Cohere Transcribe achieves a 5.42% word error rate versus Whisper Large v3's 7.44% — a 27% accuracy improvement. It also delivers 3x higher throughput and runs on consumer-grade GPUs like the RTX 3060.

Q: What languages does Cohere Transcribe support?

Cohere Transcribe supports 14 languages including English, Chinese, Japanese, Arabic, French, German, Spanish, Portuguese, Dutch, Italian, Polish, Russian, Korean, and Hindi. A language code must be specified at inference time — it does not auto-detect.

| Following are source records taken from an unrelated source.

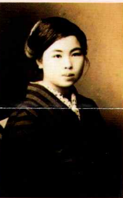
金子みすゞ 本名金子テル

明治36(1903)年、山口県大津郡仙崎村(今の長門市)に生まれる。大正末期から昭和の初期にかけて、すぐれた童謡詩を発表し、西條八十に「若き童謡詩人の中の巨星」とまで称賛されながら、昭和5(1930)年、26歳の若さでこの世を去った。童謡詩人・矢崎節夫の長年の努力によって512編の遺稿がみづかり、没後50余年を経て、全集として出版された。平成15(2003)年4月には、みすゞ生誕100年を記念して、ふるさと長門市に「金子みすゞ記念館」が開館。全国からみすゞファンが訪れ、感動を新たにしている。
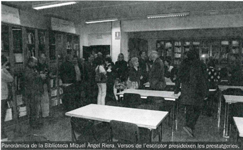
Panoràmica de la Biblioteca Miquel Àngel Riera. Versos de l'escriptor presideixen les prestatgeries.
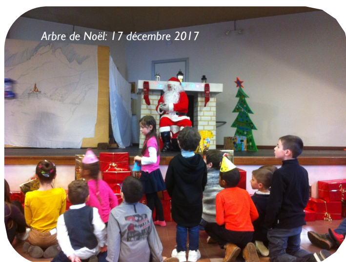
Arbre de Noël : 17 décembre 2017
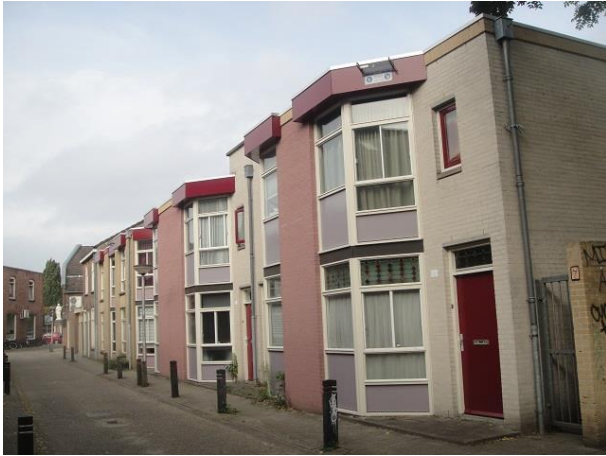
St Annastr 14a-2

Op nr. 14a, 12a, 10a en 8a zien we vier eengezinswoningen die als één bouwplan in 1986 zijn gebouwd door de combinatie Publieke Werken, Hurkmans en Kovos. Deze woningen hebben roze gevels. Op nr. 6a en 4a volgen dan nog twee woningen die ook één bouwplan vormden, ook van de combinatie PW, Hurkmans en Kovos zijn maar gele gevels hebben. Ook van 1986.
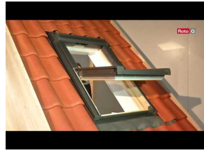
Présentation - Fenêtres de toit Roto Q4
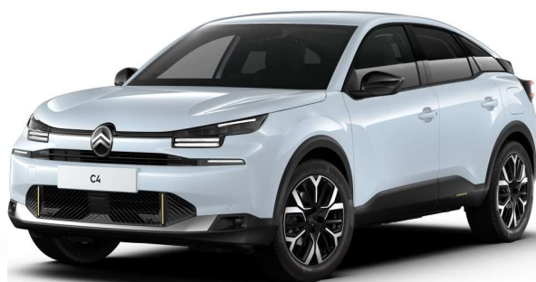
Blanco Okenite Opción
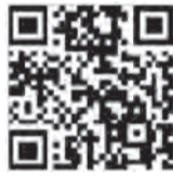
▲モバイルレジダウンロードページ
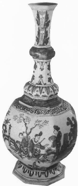
十七世紀法國Nevers地區所生產的仿中國青花瓷瓶。
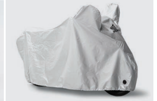
OUTDOOR FALTGARAGE 08P34-BC3-801

Manipulationssicheres Absperrschloss, das unter den Sitz passt.
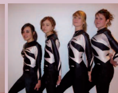
Equipe Interrégionale N7, Nationale N6 et Individuelles Nationales entraînées par Audrey T
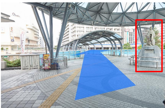
③右手に「梅川の像」が確認できます。直進してください。
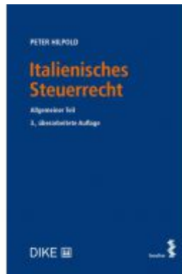
Italienisches Steuerrecht Ladenpreis: 38,00 EUR
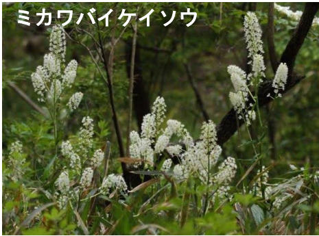
ミカワバイケイソウ
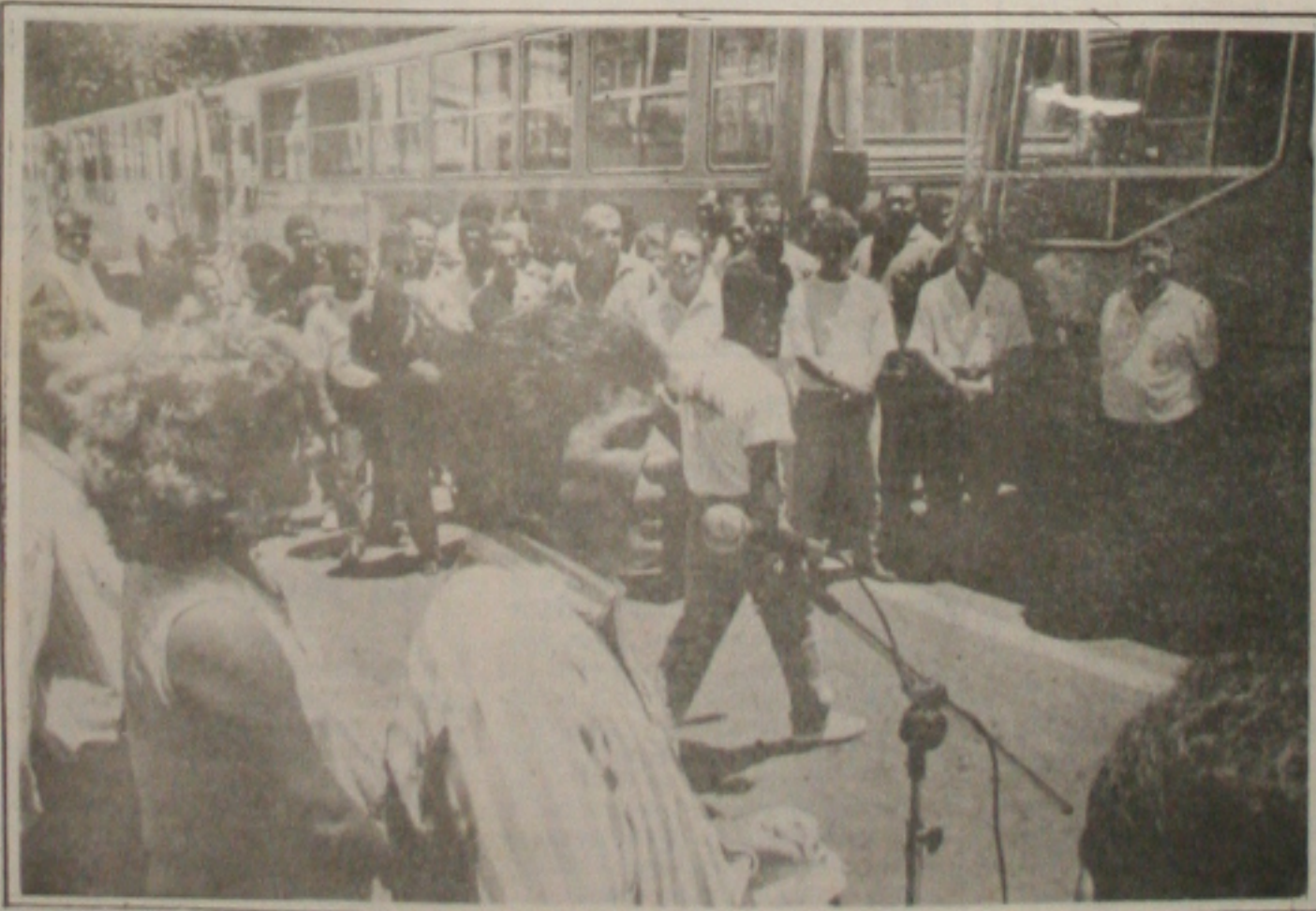
O prefeito fez ontem a entrega oficial dos novos ônibus anunciou a criação das linhas especiais

Provisória nº 932. O projeto de conversão pode ser votado pelo Congresso na próxima semana. De acordo com o seu relator, deputado Paes Landim (PFL-PI), ele tem grandes chances de ser aprovado. "Não haverá problemas no plenário", prevê Landim. "A opção deverá ser pelo menor, uma vez que o texto do governo é pior do que o meu", afirmou.
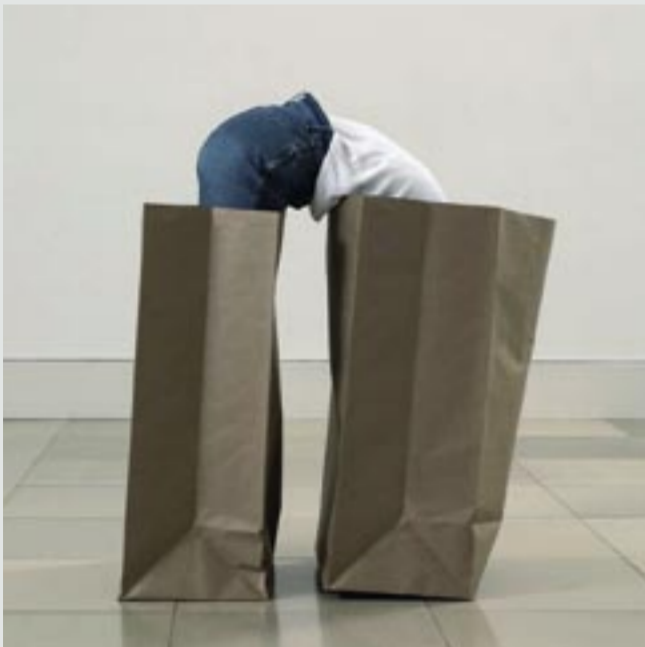
ANNE WODTKE MÜNCHEN SKULPTUR.sein www.annewodtke.de
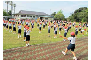
「Exseed」に取り組む小学生

体力・運動能力向上を目指して鹿屋体育大学との連携を進めています。平成28年度からは、スポーツトレーニング教育研究センター協力校を指定し、大学が考案した運動プログラム「Exseed」を、授業に取り入れ、健康・体力づくりの充実を図っています。また、教育実習生を受け入れたり、学校応援団やスポーツボランティアとして協力をもらったりして、授業等における技術的な指導や、学校行事等でのサポートを受けています。このような取組は学生にとっても、指導の機会を得られる貴重な学びの場となっています。
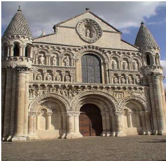
Slika 8: Katedrala Notre Dame la Grande , u Poatjeu, sagrađena 1150. godine

Na sledećim slikama vidimo primjere romaničke arhitekture. Katedrala Notre Dame la Grande u francuskom gradu Poatjeu je najstarija romanička katedrala u Evropi. Kod nas, primjer najranijeg spomenika zrele romanike je, kao što je već rečeno, katedrala sv. Tripuna u Kotoru.
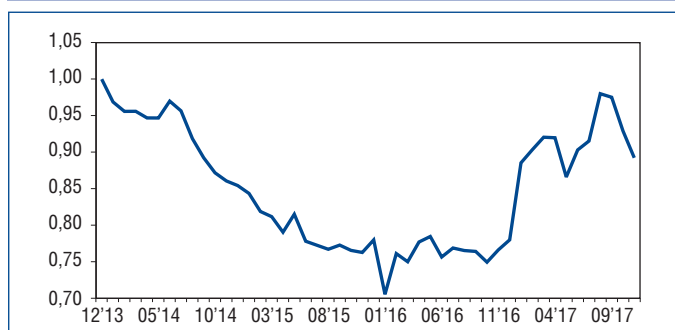
Індекс поточної економічної спроможності

Значення Індексу поточної економічної спроможності станом на кінець 2017р. склало 89,5, що, хоча й суттєво вище від показника кінця 2016р., проте помітно поступається значенням Індексу упродовж липня-жовтня 2017р.
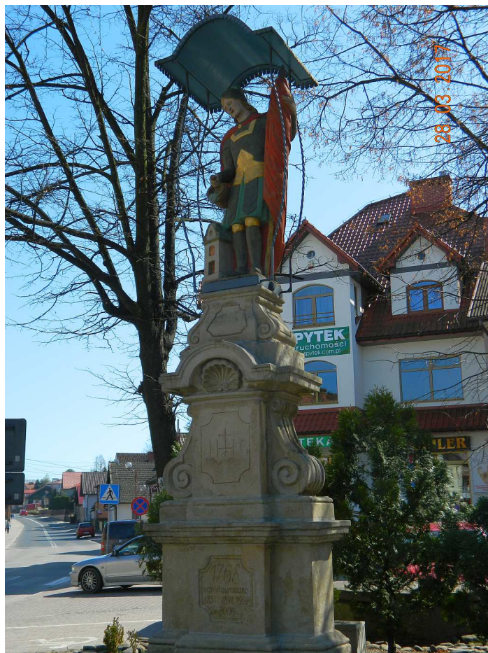
Fot. nr 79. Lico Figury.
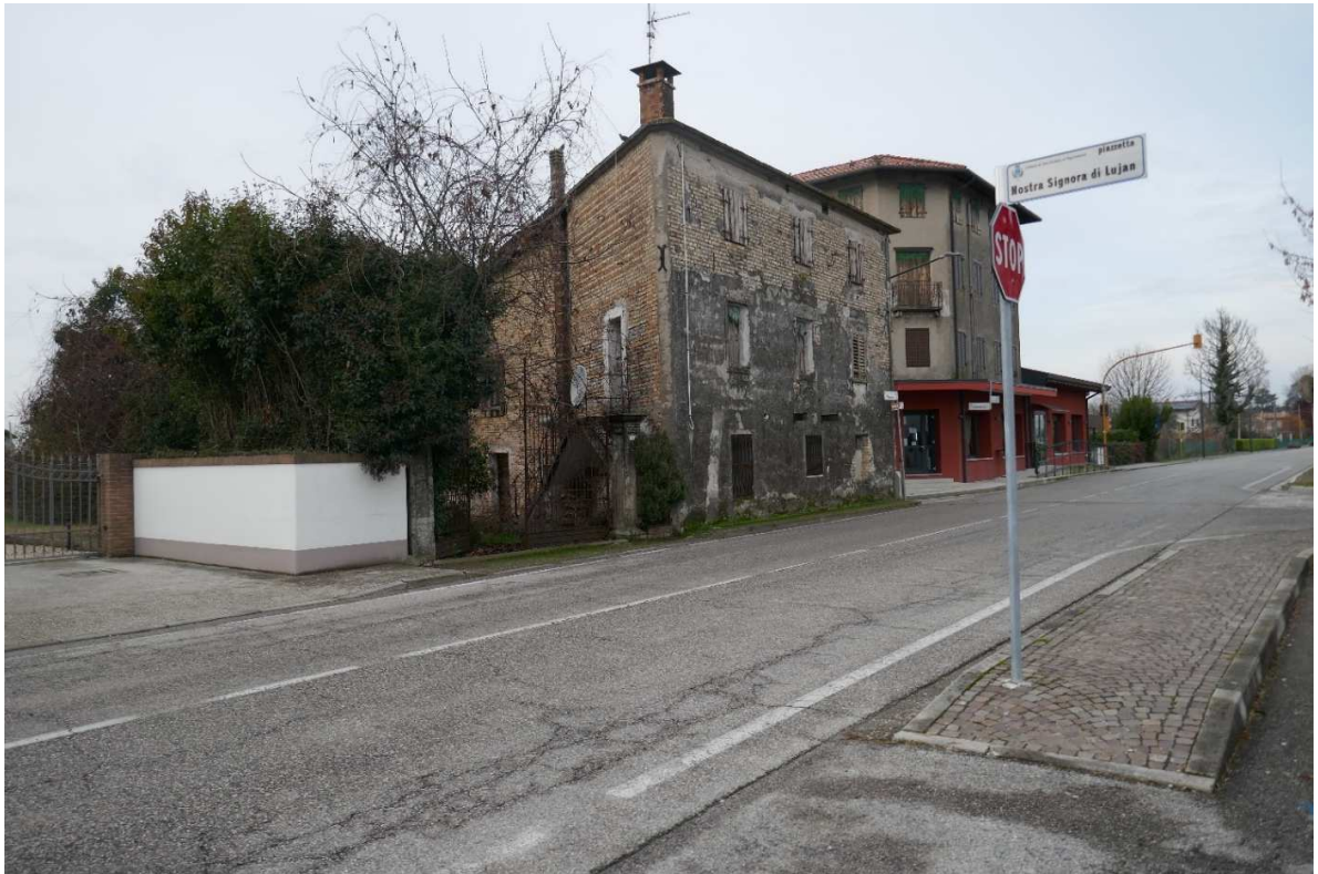
Vista dalla “Piazzetta Nostra Signora di Lujan”, che in realtà corrisponde ad un parcheggio. In primo piano la strada provinciale n. 75 – Via Malafesta (oltre l’incrocio assume la denominazione “Via Scuole – La strada della quale si intravede l’imbocco a dx è la Via Carso)
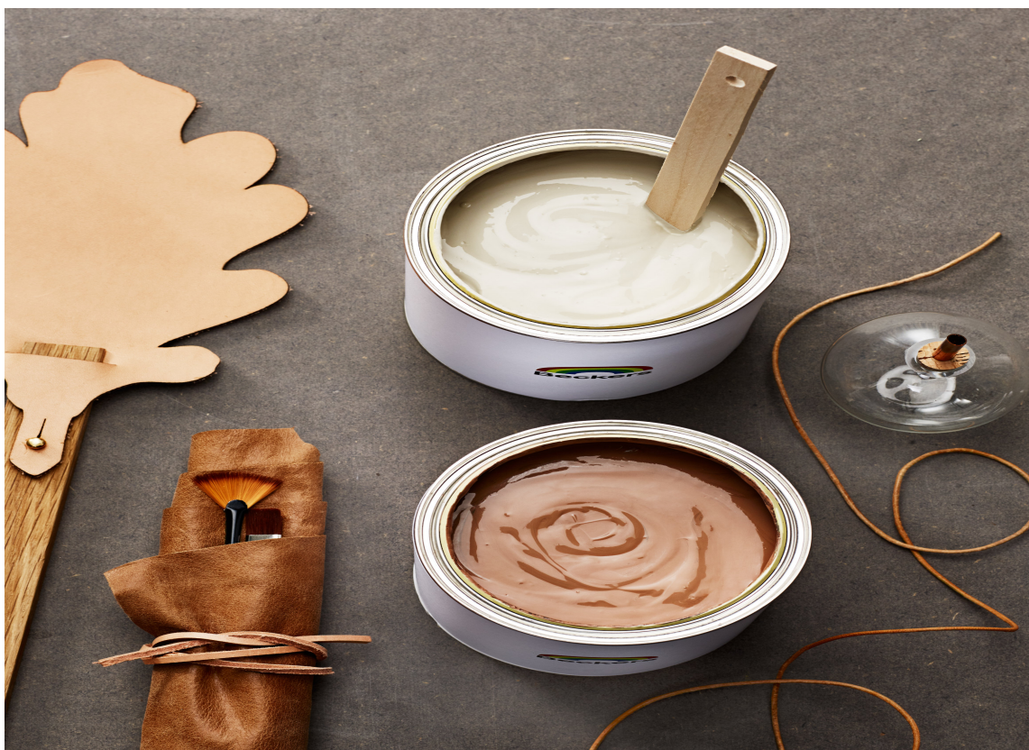
MASKULINT: Fargene fra paletten kan kombineres i det uendelige og skape nettopp uttrykket som er «ditt». Slette flater, harde materialer, dempede rødtone, grovt lær og rustikt tre skaper assosiasjoner til en maskulin stil. Fargene er fra Beckers.
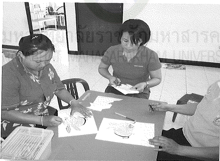
ภาพภาคผนวกที่ 8 กิจกรรมการผลิตสื่อการเรียนรู้
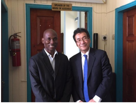
トーマス国会議長表敬
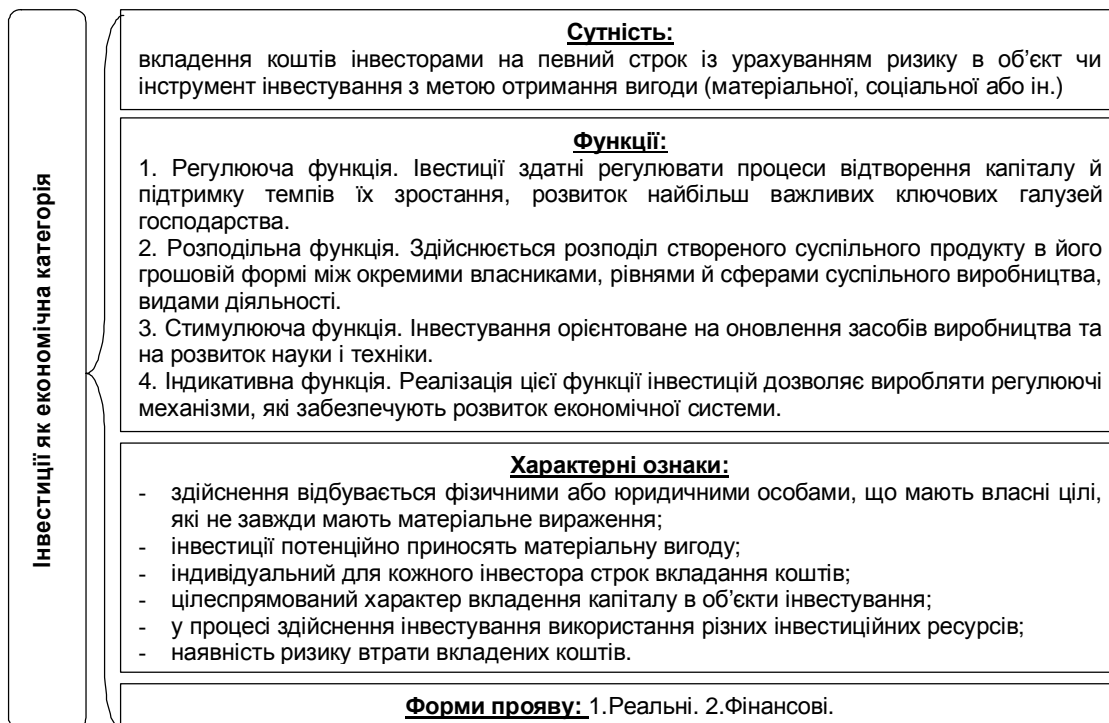
Рис. 1. Інвестиції як економічна категорія.

Інвестиції відповідають суттєвим ознакам економічної категорії, серед яких наявність сутності, специфічних ознак, що властиві тільки цій категорії, функцій та форм прояву. Тобто поняття "інвестиції" є економічною категорією, оскільки вони відбивають виробничі (економічні) відносини як свій головний предмет, мають об'єктивний характер, характеризуються сутністю, специфічними ознаками, головними функціями (регулююча, розподільна, стимулююча та індикативна) та формами прояву (реальні та фінансові) (рис. 1).
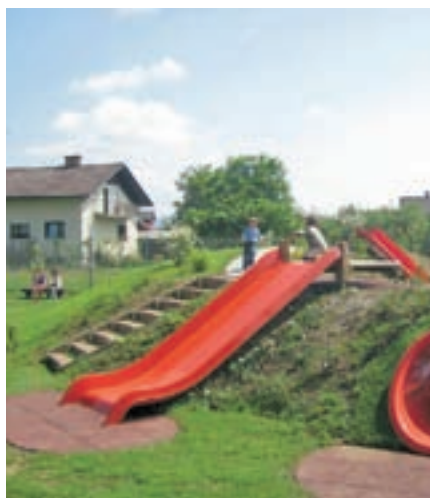
Pred šolo v Mostah so uredili veliko otroško igrišče.
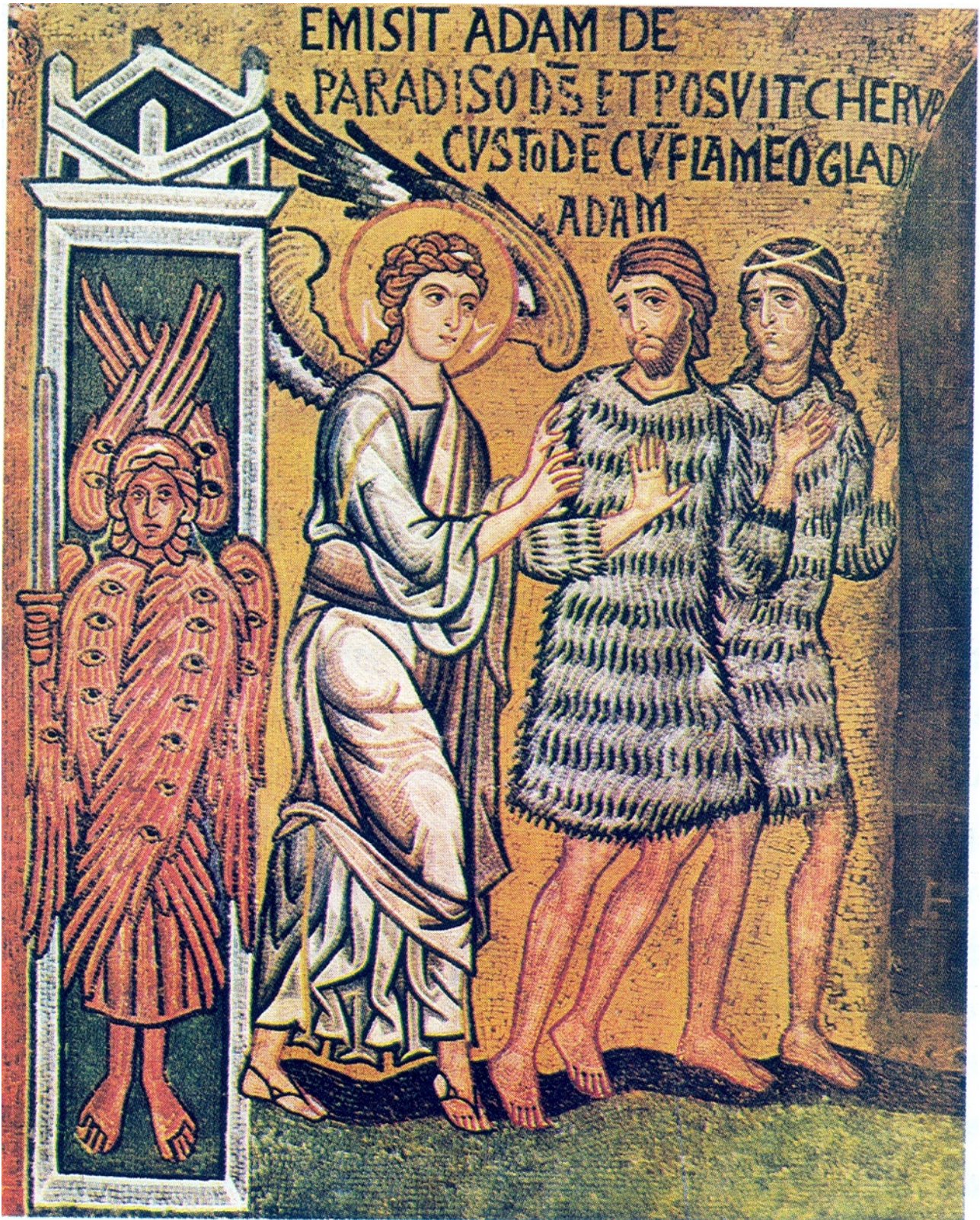
Expulsión del Paraíso, Palermo (Sicilia), s. XII
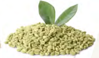
Coffe قهوة Origin: Chinese
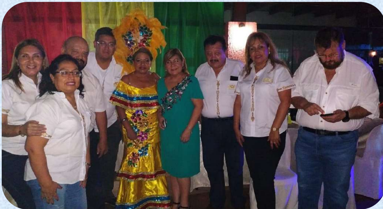
Official photo of the Meeting of National Presidents of the Americas Senate support on Bolivian night
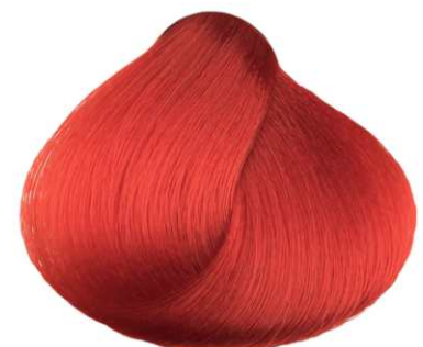
Extra Rosso EXTRA RED ROJO EXTRA EXTRA ROUGE
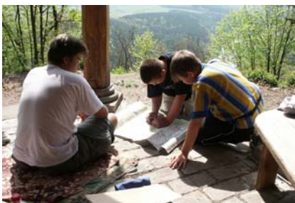
Orientace na mapě – Lesní běh
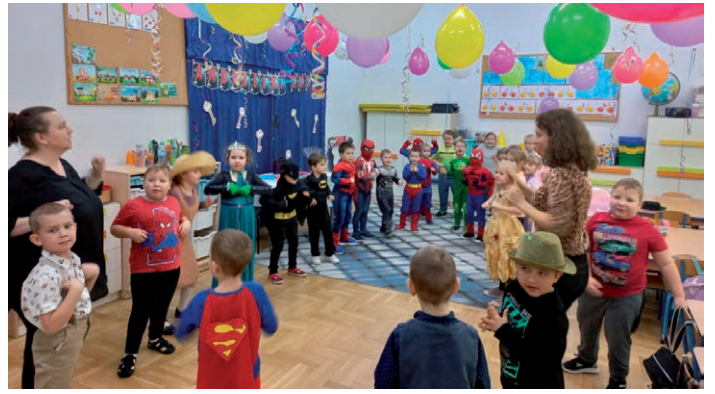
Andrzejki w Przedszkolu w ZSP w Świdniku Małym

Q: Is Cohere Transcribe free to use?

Yes. Cohere Transcribe is available for free under Apache 2.0 for local deployment via Hugging Face. Cohere also offers a free rate-limited API and a paid managed 'Model Vault' for production workloads without rate limits.

March 26, 2026 · 7 min read · Happycapy Guide

TL;DR

Cohere released Cohere Transcribe on March 26, 2026 — a 2B-parameter open-source ASR model that ranks #1 on the Hugging Face Open ASR Leaderboard with a 5.42% word error rate, beating OpenAI Whisper Large v3 (7.44%) by 27%. It supports 14 languages, runs on a consumer RTX 3060, and is free under Apache 2.0.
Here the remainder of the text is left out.